Balancing scholarship with activism for professors working at liberal arts colleges and universities

If you are a professor working at a liberal arts college or university, or hoping to be hired by an institution of higher learning in this capacity, you are expected to conduct research and have it published in respectable, preferably peer-reviewed outlets.

Although some colleges and universities have higher expectations about the type and amount of scholarship you produce, and where it is published, research is necessary and often spelled out in your employment contract or your institutions’ guidelines for tenure and promotion.

By the same token, you may also care deeply about your neighborhood, city or society including the wellbeing of the people and most creatures that live and work there. Thus when you believe that these entities are threatened you may participate politically by signing a petition, donating money to an important cause, joining a group advocating or fighting for social or policy change, marching in a demonstrations, giving speeches, etc.. Most of the time the choice of how to best assist the cause/s you believe in is not clear, especially how much and what types of resources (especially how much time) you should devote to them.

Naturally, the perennial challenges that many instructors and professors who are in this situation face, are balancing the competing demands among your numerous obligations, including the ones that you experience in your role as a researcher or activist.

You may see these two interests or roles as competing. In other words, the more you spend on one activity, the less you can spend on the other. Or you may flirt with, embrace, or master one of the two roles (i.e., activist versus scholar or vice versa).

How might this happen? You may identify more with one role over the other depending on the degree to which you agree with the activists and scholars you encounter, the messages they advance, how much fun or aggravation you experience with each respective crowd, and the time you spend working together in pursuit of the same shared goal. Thus, you may be subject to a push-pull dynamic where you deepen your commitment to one network of individuals over the other.

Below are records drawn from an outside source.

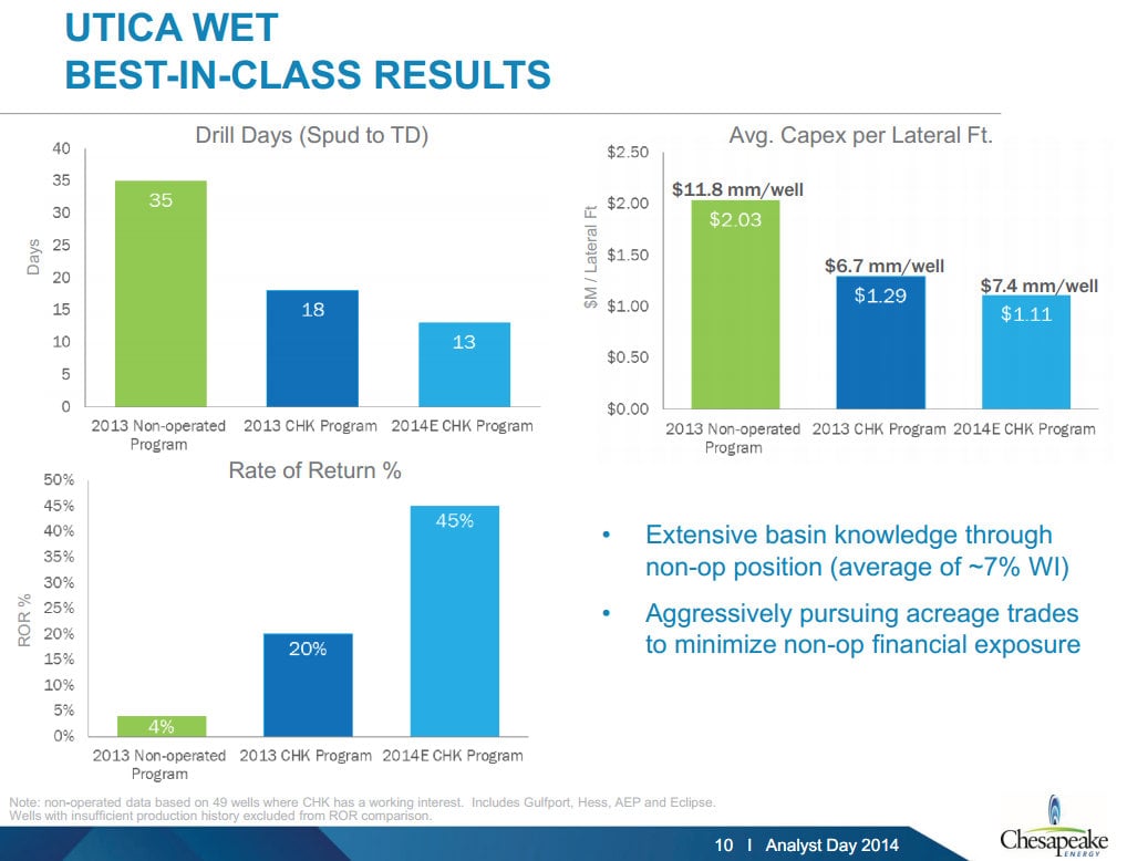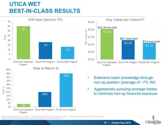 As that slide notes, when Chesapeake Energy invests capital in a non-operated well drilled by a company like Hess its rate of return on that well averages just 4%. However, when Chesapeake Energy invests in a well where it's the operator it earned 20% last year, with that return heading higher this year as it continues to improve. These results are why Chesapeake Energy continues to drill in the Utica Shale while smaller peers like Halcon Resources have given up and while Hess has decided to sell some of its land position.
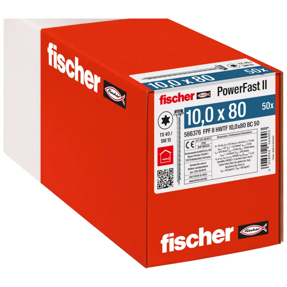 Die fischer Holzbauschraube PowerFast FPF II-HWTF BC ist die kraftvolle Holzbauschraube mit Sechskantkopf und Innenstern-Aufnahme für den konstruktiven Holzbau. Die Holzbauschraube ist die schneller zu verarbeitende Alternative zu Schrauben nach DIN 571. Der Sechskantkopf ermöglicht die Verwendung von Stecknüssen, alternativ garantiert der Innenstern-TX-Antrieb höchste Kraftübertragung bei maximaler Bitstabilität. Das Gewinde ermöglicht das feste Anbinden von Metallelementen an Holz. Die Europäische Technische Bewertung garantiert ein zusätzliches Plus an Sicherheit. Die PowerFast II ist durch die Gewindeform besonders leicht ohne Vorbohren einzuschrauben. Das PowerFast II-Gewinde reicht bis in die Schraubenspitze und sorgt für schnellen Anbiss.Prüfzeichen / Zulassungen
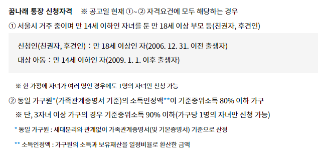서울시에 거주하는 만 14세 이하 자녀를 둔 만 18세 이상 부모라면 신청할 수 있습니다. 동일 가구원(가족관계증명서 기준)의 소득인정액이 기준중위소득 80% 이하여야 하며, 3자녀 이상 가구는 기준중위소득 90% 이하면 됩니다. 자녀가 여럿이어도 1명 앞으로만 신청할 수 있습니다.

Much harder, however, is trying to combine both roles (activist and scholar) as part of the things you do and as part of your identity. Many instructors and professors have a healthy relationship between their scholarship and activism. Although some people may question whether writing the occasional op-ed is activism, many professors frequently say that one type of activity feeds off of the other, including that both their scholarship and their teaching is activism. For example, by working for or with a group that attempts to deal with food insecurity may generate research ideas for a new paper that a professor might start. Or fighting for racial justice may expose an instructor to legal cases that they never considered before and are worth writing about in an academic context. For some professors, they may even be able to get their scholarly research into the hands of policy makers or leaders of organizations that can effect legislative change.

But there is also the dilemma of spending too much time on traditional kinds of activism and this ultimately takes away from your scholarship. Where might your activism negatively affect you? Engaging in activism has derailed many an instructor and professor, not just in the liberal arts, but those who in programs in medicine, law, or tech. Yes they may get approval from fellow activists, students they teach, and even professors and administrators in their program or universities. But they still have to deal with the numerous deadlines bearing down on them (e.g., papers and exams to grade, papers to write, etc.). If you are an adjunct instructor vying for a position in an academic department (that values scholarly research) if you have not done a sufficient amount/type of research, no amount of activism will help you be hired. Finally, if you are a tenure track professor, when it’s time for the decision for tenure and promotion to come around, no matter how much your colleagues agree with your activism, they will typically not cut you slack and give you a pass because you failed to meet some organizational mandated standard of research productivity.

Granted, as you career progresses, as you move up through the ranks (including securing tenure), you may believe that you have more time and freedom to engage in activism, but there may also be new things that you have to consider. These may include different and additional pressures on your time (e.g., building a family, etc.), mentoring students, supervising graduate students, university service requirements, etc. If your activism negatively affects your ability to do your job, and results in possible job loss, or even incarceration this can have very real negative effects. Thus activism may end up taking a back seat. In short, and moving forward it’s important to do a good job estimating the costs and benefits (both pecuniary and emotional), and carefully engage where you believe that your efforts can make the most amount of difference.